I found many things to disagree with in Sylvester Schieber and Phillip Longman’s take on collective bargaining for public sector workers, but it is an impressively sane, lucid take on the issue from a union-friendly perspective, e.g.,
Public employees sometimes complain that they receive lower salaries than their counterparts in the private sector. That’s often true, but when the value of their pensions and other benefits are factored in, their total compensation, especially for blue-collar jobs, is frequently at least competitive, if not superior. Proof of this is how few public employees quit. It’s telling that workers in the private sector, according to the Bureau of Labor Statistics, are more than three times more likely to quit their jobs than state and local workers, whose monthly turnover is just .5 percent.
Schieber and Longman’s core point is that “union-busting” won’t address the underlying problem of unchecked growth of deferred compensation for public workers. To that end, they offer an even more dramatic solution:
But the preferred solution by some policymakers— bust the unions—isn’t the appropriate response. That’s because it doesn’t address the core problem, which predates collective bargaining in the public sector and is found even where unions don’t exist. Instead, the real problem is something no one wants to talk about precisely because it’s so bipartisan: both political parties, for different reasons, have incentives to use pensions as ways to borrow from the future. The way to fix, or at least alleviate, this problem is not to take rights away from unions. It is to give more power to voters.
Wow. One could say that negotiations with public workers introduce very serious agency problems: it is future taxpayers who are on the hook for deferred compensation, and present-day elected officials who reap the benefits from keeping public workers happy.

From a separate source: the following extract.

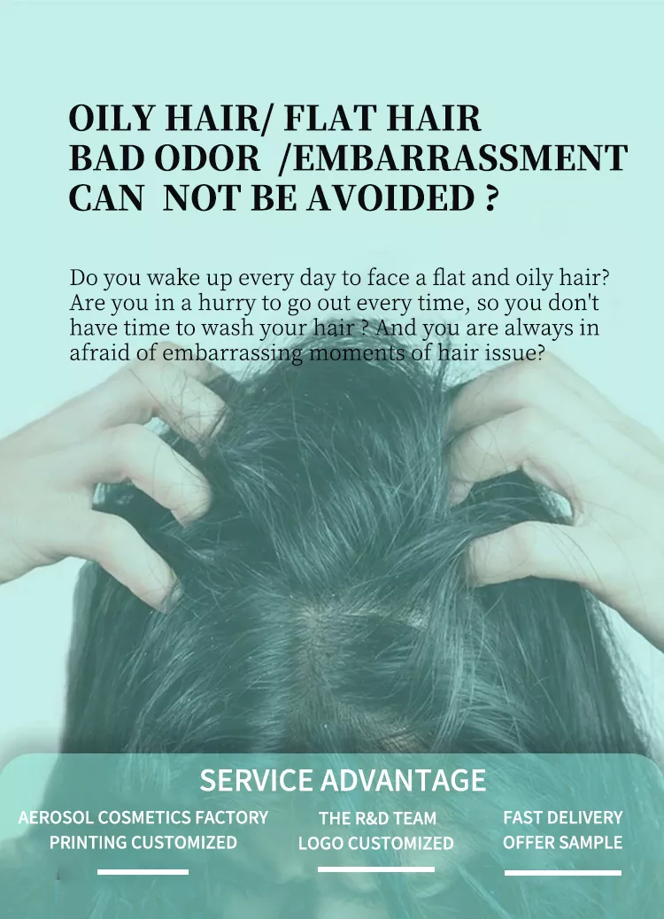 Spray de shampoo seco para limpeza com óleo e atualização instantânea

This is true, as Schieber and Longman argue, even in non-union environments:
Military retirees, after all, don’t have a union, and yet the cost of the pensions promised to them by Congress over the years now comes to $1.3 trillion, or $10,700 for every U.S. household. Similarly, long before most federal workers earned any formal right to collective bargaining under the Civil Service Reform Act of 1978, the Civil Service Retirement System, created in 1920, was amassing huge unfunded liabilities for which we are still paying now. Today, the handful of states that don’t allow collective bargaining among their public employees generally have benefit plans that are just as generous as states that do allow it. One of those nonunion states, Virginia, faces $17.6 billion in unfunded pension liabilities.
After outlining the nature of the conflict of interest facing government decisionmakers, Schieber and Longman float an analogy to floating bonds:
When a city or state is considering whether to float bonds to finance a major project, like building a school or a highway, the rule almost everywhere is that the issue has to be approved by referendum. In Wisconsin, for example, no school board can commit to a capital project of more than $1 million without taking it to the district for a vote. That’s because otherwise there is too little check on politicians borrowing from the future to benefit their favorite contractors and other constituents. With so much backroom self-dealing possible, sunshine and direct democracy are a necessary corrective.

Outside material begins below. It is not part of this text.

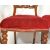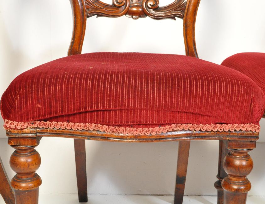 A set of four Victorian 19th century mahogany dining chairs. The chairs having a balloon back with  acanthus leaf motif bar at the centre of the back, with an upholstery velvet cushion over turned legs. Measures approx. 87cm x 49cm x 50cm.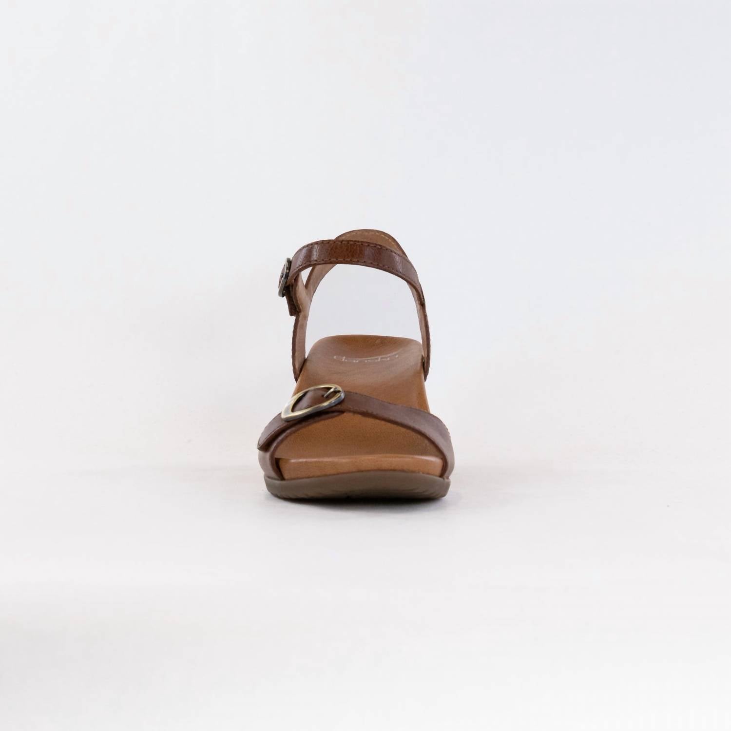 Classicly cute and all-day-wearable. We love this sandal. Elevate your summer wardrobe with the Women's Dansko Arielle Sandals in Tan Glazed Kid Leather. These sandals feature classy leather uppers and a stylish buckle design, perfect for any dinner party or warm-weather occasion. The sandals boast a lightweight BPU wedge with a 2.5-inch heel and a 0.75-inch platform, ensuring both style and comfort. Finished with a TR rubber outsole and a full-grain leather wrapped contoured EVA footbed, these sandals are designed for long-lasting wear, and they carry the APMA Seal of Acceptance for exceptional quality.

We could easily apply the same rule to public employee pensions. Let the unions and the politicians negotiate all they want, but if they come up with a contract that puts future taxpayers on the hook for the cost of making pension and other retirement benefits more generous, it should go to a vote of the people. If the people are feeling generous, or if they feel there is indeed a strong case for why public employees need more generous pensions, they may well go along. If they feel there are more compelling purposes for which they should be spending their own or their children’s money, they will not.

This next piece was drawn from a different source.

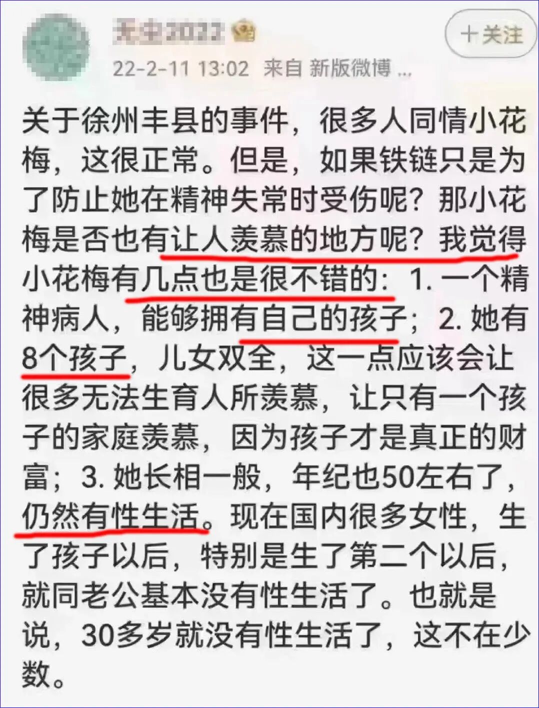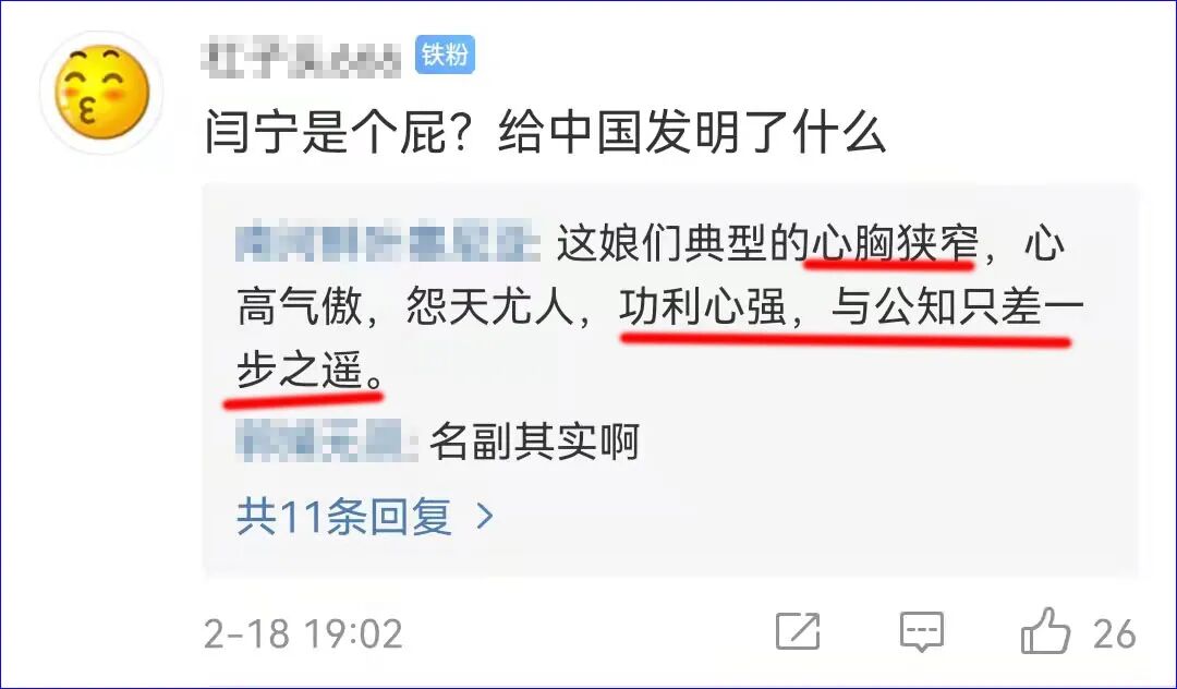 我不赞成读友的这种说法,知识分子不能因为有网络喷子就退缩,就把阵地让给喷子。但读友说的,又的确是让人有一言难尽的酸楚。这些年来,一些作家、教师,一些正直的、有影响力的人文学科学者,很多都被喷子们围攻,从网络上销声匿迹了。现在,网络喷子要准备开始围攻那些研究自然科学的学者了吗?如果颜宁是人文学科的学者,估计早就被这帮网络喷子“咬”上了。但是,颜宁是研究自然科学的,而且是在全球都享有盛誉的科学家,在主流媒体也从来没有过任何负面评价,大小喷子想咬也未必能咬得动,还得担心会不会把牙给咯崩了。而且,颜宁教授研究的结构生物学是啥,写的论文里说了啥,喷子们是看不懂的。这些年,喷子们或许不是不想咬,而是智商和学识都达不到,想咬都不知道从哪里下嘴。这次,总算是逮着个机会了。颜宁,你一个女科学家,又人在美国,为什么要关心丰县的一个女人?你有什么目的?然后就是“公知”“递刀子”“敌对势力”……一连串帽子就甩过来了。喷子的这种逻辑就是易中天老师说的“问动机不问是非”。女科学家,并非不食人间烟火啊。网上传出的视频,谁看了,只要人性未泯,都会有悲悯之心。关注这件事情,关心这个可怜的女人,这不是人本该就有的恻隐之心吗?这是人性,还需要质疑动机不纯,再扣上一顶“递刀子”的帽子吗?何况,古代读书人都知道“先天下之忧而忧,后天下之乐而乐”,今天的知识分子,更应该有“天下为公、担当道义”的情怀啊。关心民生,同情弱者,这不正是有影响力的知识分子应该坚守的人文精神吗?这些天来,我看到了很多闪光的温暖,也看到了很多的丑陋不堪。前些天我写过一篇文章,说这次事件《炸出来一群魑魅魍魉》(点击蓝字可读),但没想到,这些天还看到有更下作更无耻的。有人觉得“小花梅”很不错,让人羡慕,因为有孩子,有性。这位是不是觉得“小花梅”身在福中不知福了?我觉得你如果真这么想的话,可以主动在脖子上套个链子,然后去丰县找董某民,享受一下这种你很羡慕的生活了。还有这位,是直接把关心这起事件的热心网友给诬陷成“网络暴民”了。

I’m sorry, but this is absolutely brilliant and it pains me that Schieber and Longman are only proposing this excellent idea now. Gov. Christie in New Jersey has said that the important isn’t collective bargaining rights per se, but making sure that the collective bargaining process is sufficiently adversarial rather than collusive. Though a referendum isn’t a perfect tool, as the authors acknowledge, it does change the incentives in a significant way.
This is easily one of the best ideas I’ve seen in some time. Note that it will have a restraining effect on government decisionmakers from the start. I still think that public sector unions have more political power than is appropriate, which is why I’d favor opt-in instead of opt-out for political expenditures at a bare minimum. This political muscle-flexing would become a bigger deal in the referendumverse, particularly in low-turnout elections.
Think about how different the politics of Wisconsin would have looked had the Schieber-Longman proposal been on the table.